The biggest news? Roy’s has dethroned Alan Wong’s for Restaurant of the Year. Read more about this in executive editor Kathryn Drury Wagner’s feature. The full list of 94 winners is presented in a fold-out section that you can rip out of the magazine and take with you—it should come in handy when you and your dinner mates are wondering, “What do we feel like eating?”
HONOLULU Magazine’s other annual recap is named for food, but is really about delicious irony. That’s our Sour Poi Awards, in which senior writer Michael Keany pokes fun at the follies, foibles and foolishness of 2009. Overreaching public officials, kooky criminals, peacock homicide, it’s all here for your enjoyment.
Our thanks to Gelareh Khoie, one of the co-owners of the Chinatown lounge and art gallery, Thirtynine Hotel. They opened early one bright, November afternoon to let us have the run of the place as photographer Linny Morris took fresh headshots of the editorial team. You’ll see the results on our regular departments in this issue, such as Editor’s Page and Afterthoughts, and at honolulumagazine.com. It’s a visual age and people seem to like to know what our writers look like.
In hindsight, this was also a good experience for the editorial team. Not a week goes by that we aren’t sending photographers out into the city to shoot the subjects of our articles. We probably take it for granted that people set aside time to pose for photos for us, forgetting how long a great portrait can take, how odd the experience can be if you aren’t accustomed to being posed and art directed, or how intimidating it can be for those who are really nervous around cameras. We got a taste of our own magazine medicine that day, waiting as reflectors were positioned and light readings taken, then following directions to cross, and uncross our arms, stand, sit, look up and to the right, look straight ahead, smile more—more!—then look serious. It was fun and surreal at the same time.
The experience also reminded me how hard professional photographers work. Photography has exploded with the advent of digital cameras, and seemingly everybody is publishing their photography online. (I just clicked over to photography Web site flickr.com and saw that it had received 4,665 uploads in the past minute.) Anyone with a decent camera can push the button, let the auto mode do all the work, and get a good shot.
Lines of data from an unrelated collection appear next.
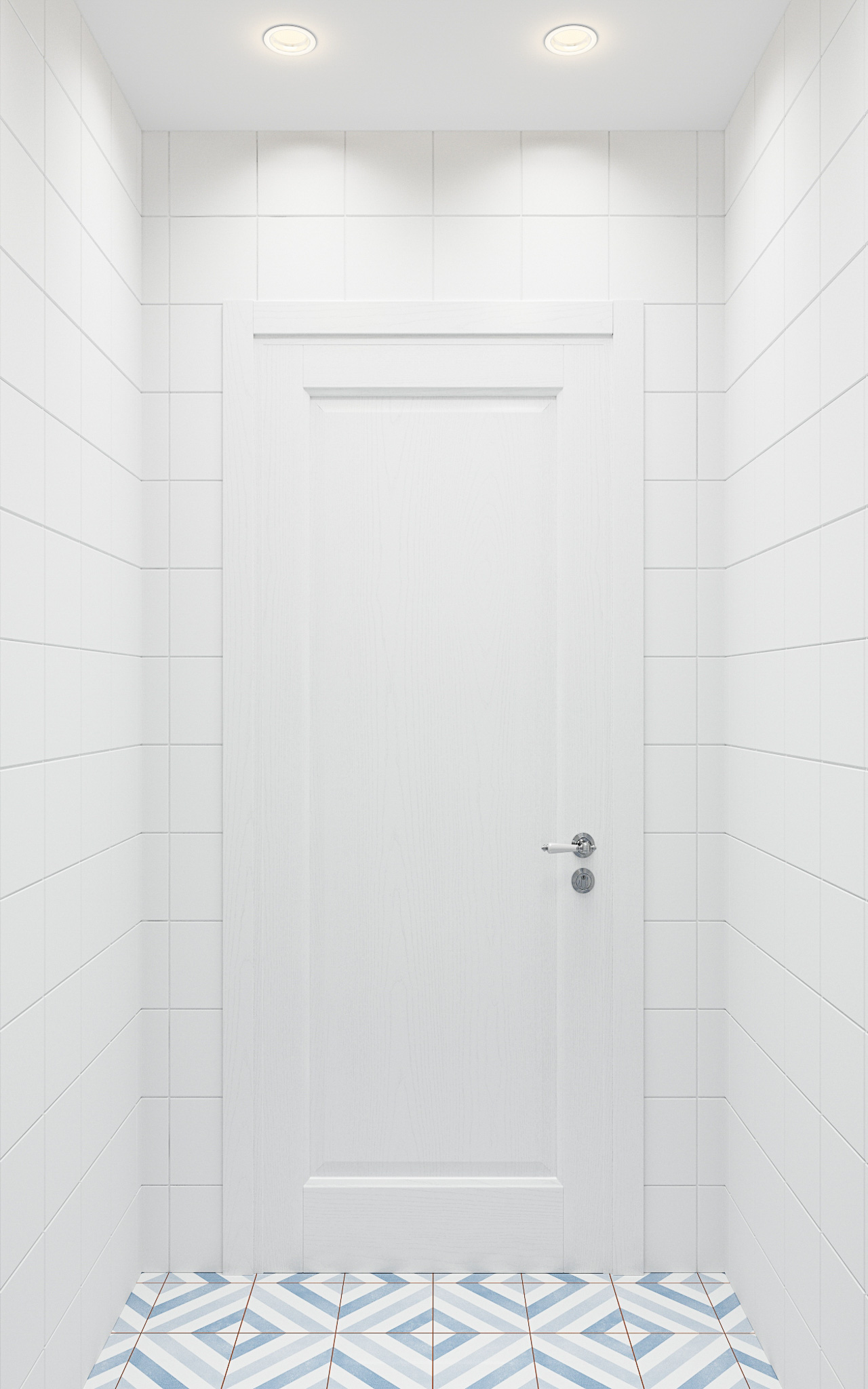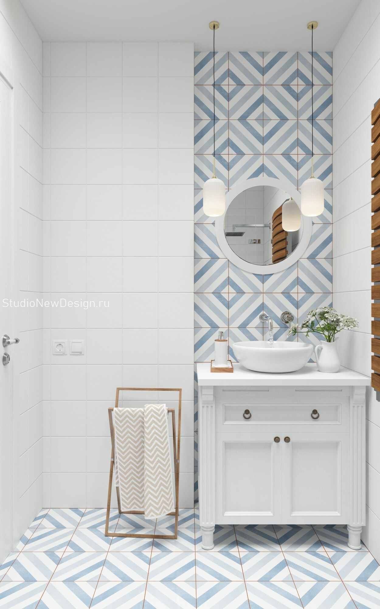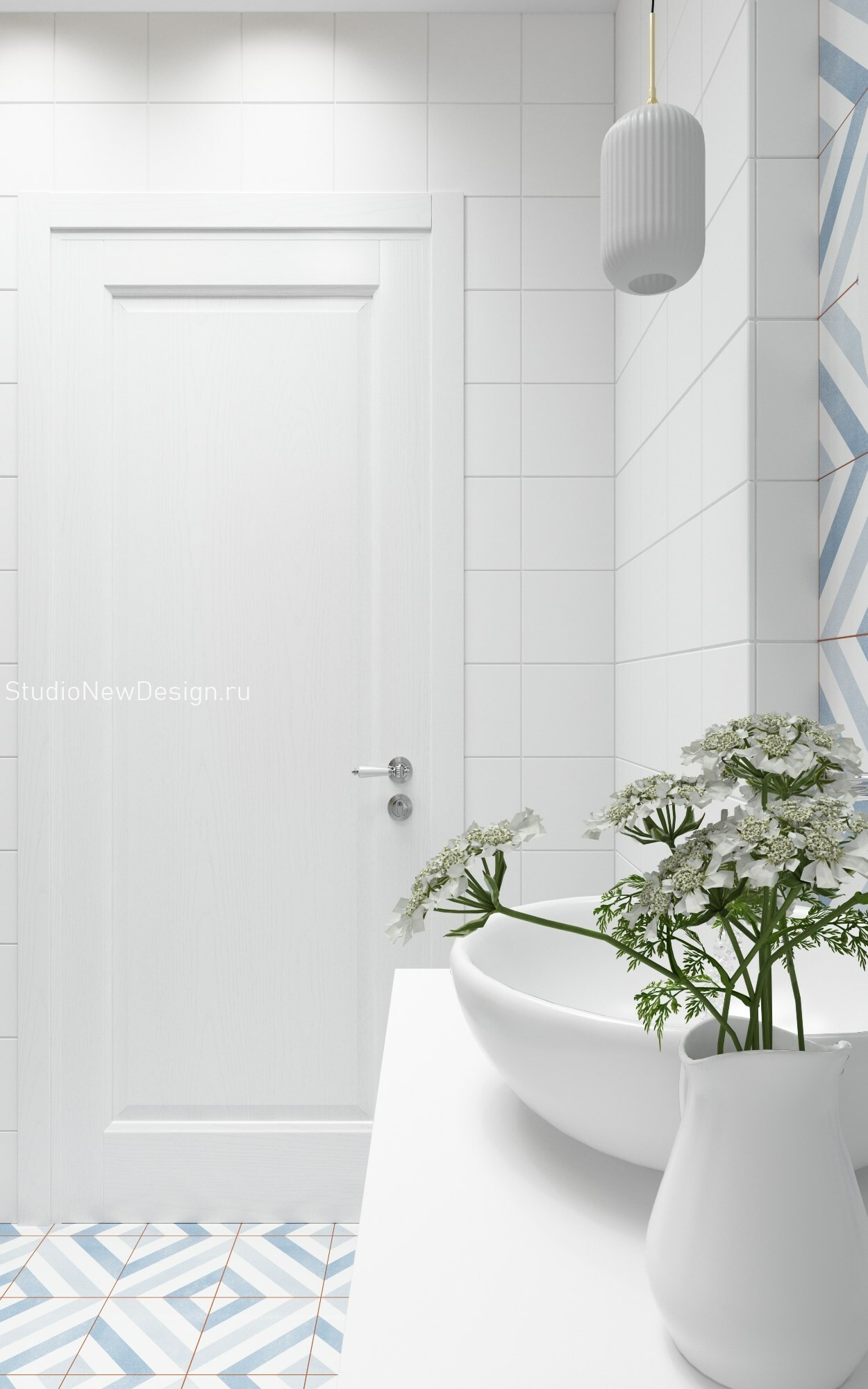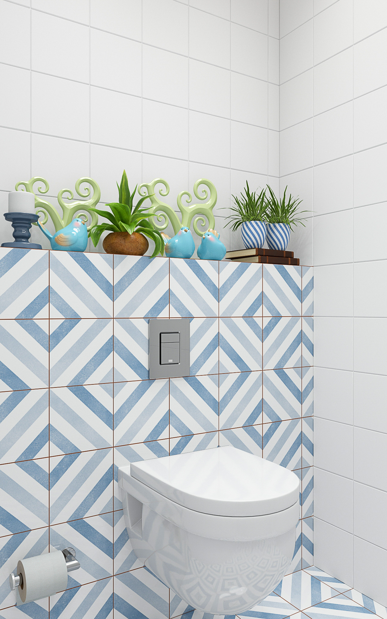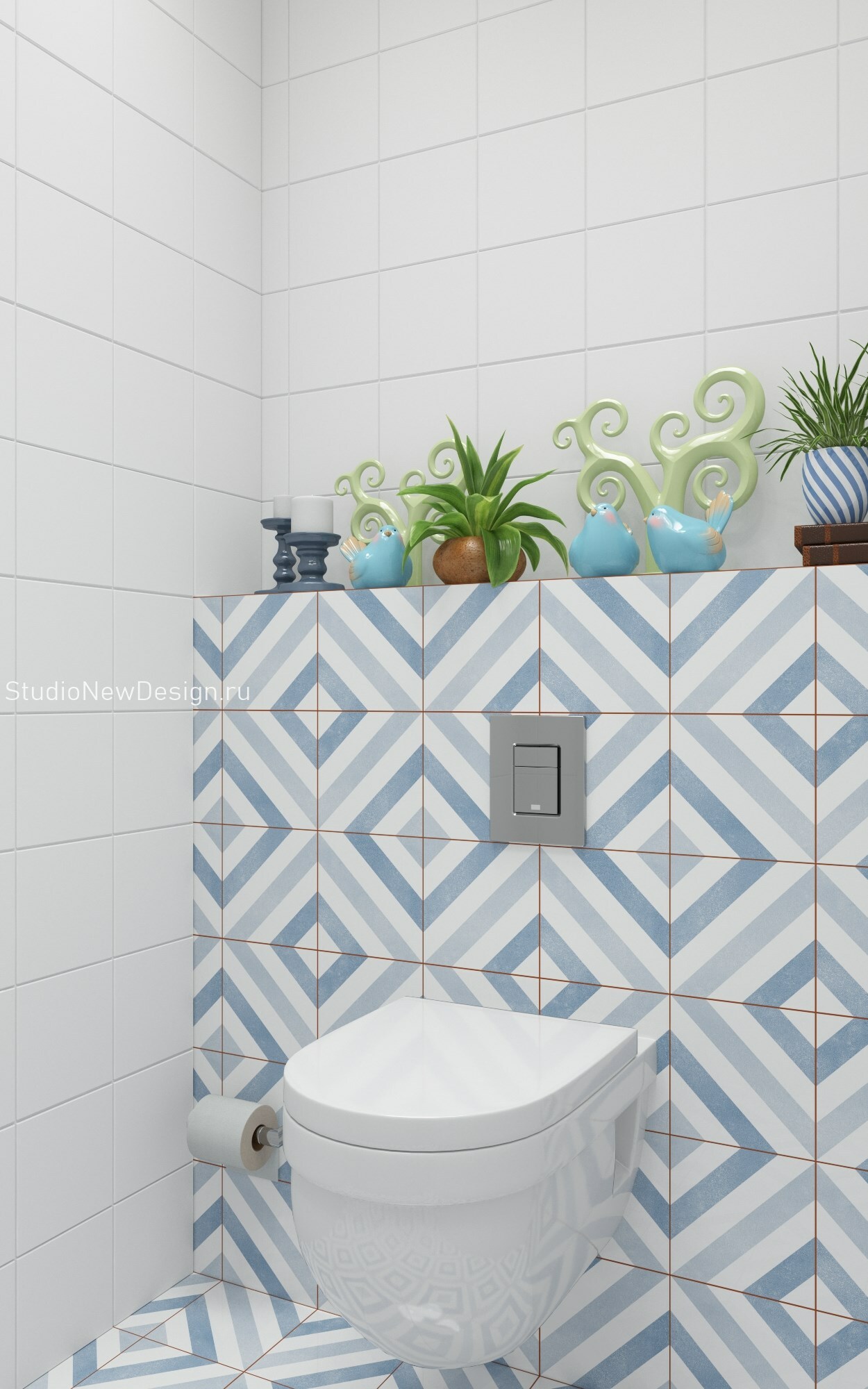 Стены в ванной комнате и туалете выложены белой плиткой, а пол яркой с орнаментом. Это классический прием в оформлении скандинавских интерьеров. При монтаже инсталляции с подвесным унитазом получилась полочка, которую мы украсили декором.
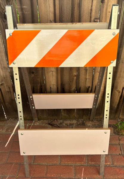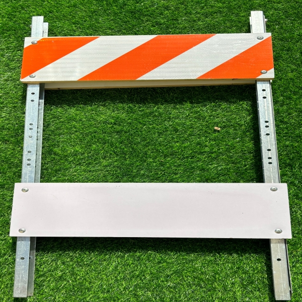 Road construction or traffic control requires the use of barriers. The double-sided reflective barrier consists of 4 metal brackets forming an A-shape, riveted with 2 solid wood boards and 2 synthetic boards. The solid wood boards are pasted with engineered grade microprismatic reflective film, which is clearly visible from 330 feet away both day and night.
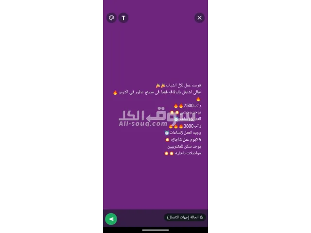 كما تعلن شركتنا عن توافر فرصه عمل
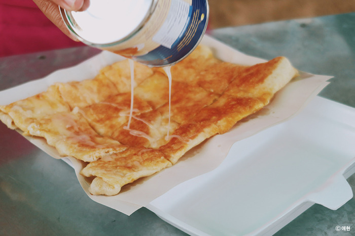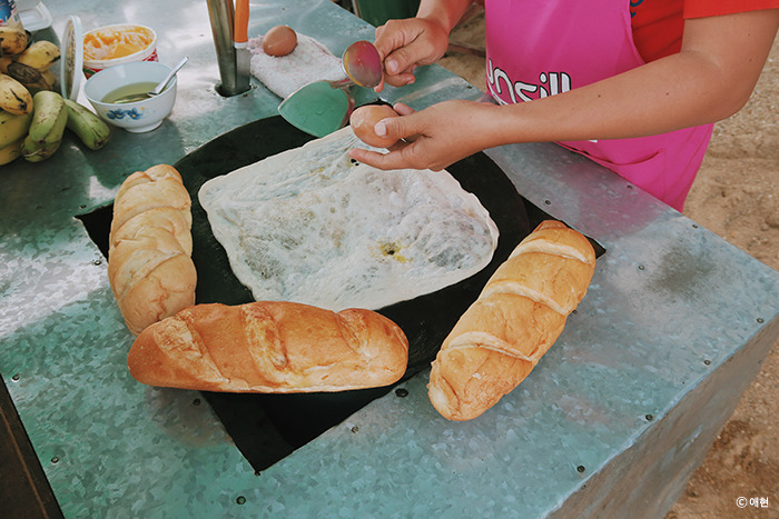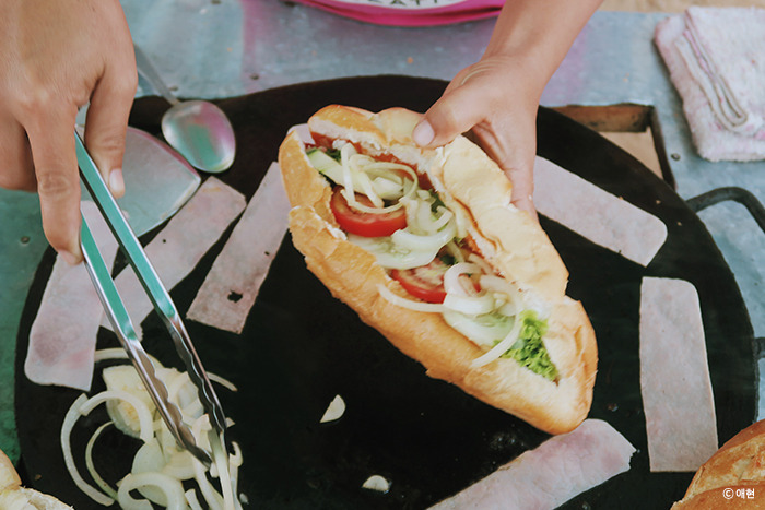 길을 걷다 발견한 유명한 샌드위치! 「꽃보다 청춘」의 그들도 먹었고 방비엥에 다녀온 모든 블로거들이 먹었던 그 샌드위치. 혼자 먹기엔 컸지만 첫날이니까 모두 하나씩 들고 먹었다. 그리고 그게 처음이자 마지막 샌드위치였다. 엄청나게 맛있지도 않았고 하나를 다 먹기엔 느끼했다. 샌드위치에 기대가 너무 컸기 때문에 조금은 실망했다.
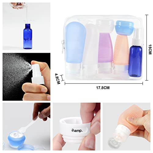 BELICOO Bottiglie da Viaggio in Silicone 10 pezzi flaconi viaggio ricaricabili per Shampoo, cosmetici, balsamo, crema solare, sapone, Approvato dalla FDA
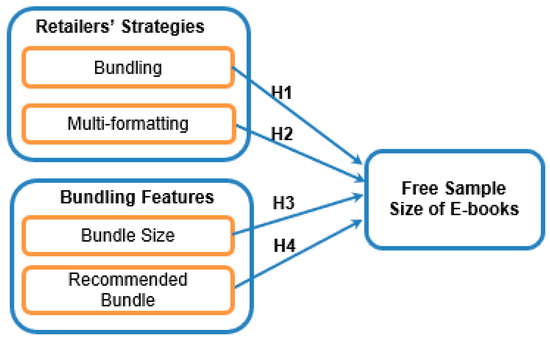 Third, this paper examines the role of two features of bundle design: the size of the bundling-by-yourself option and recommendation bundling. Prior studies of bundle features often focused on how they affect consumers’ valuation [46,51,52,53]. So far, existing research related to their impact on the free sample size of digital goods is scarce. To the best of our knowledge, our study is the first attempt to comprehensively investigate the impact of retailers’ bundling strategy, multi-formatting strategy, and bundle design features on their free sample size decisions.
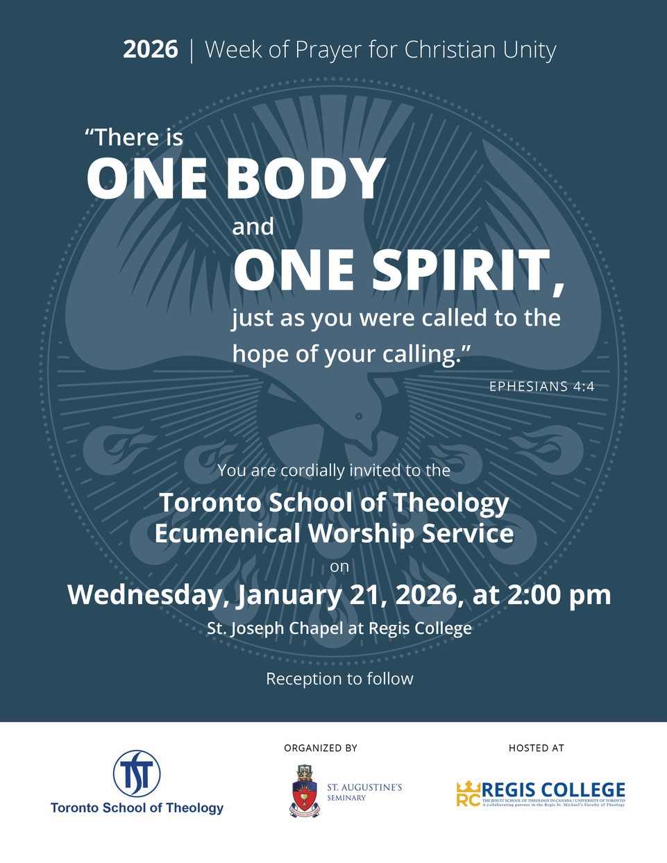 | In-Person: Toronto School of Theology Ecumenical Worship Service January 21, 2025. 2:00 p.m. EST St. Joseph Chapel at Regis College Toronto, ON Reception to follow For more information, visit bit.ly/3Yg7zX2. To view poster, click here. |

But the great photos, the kind magazines strive to offer their readers, require the experience and expertise of people who live and breathe photography, who have the technical mastery to light the shot properly and the attention to detail to notice when a hair of the subject is out place, plus the artistic sensitivities to bring out emotion in the shot.
If I started thanking all our photographers by name here, I’d run out of space or forget someone. But maybe this observation will let our photographers know how much we appreciate them: I’ve never seen anything else in this work quite like the burst of excitement that runs through the office when we hear that the photos for a given assignment are in. Our art director, Kristin Lipman, calls us and we practically run to her desk to look at the images. “Ah!” we think. “Now we’ve got a magazine article!”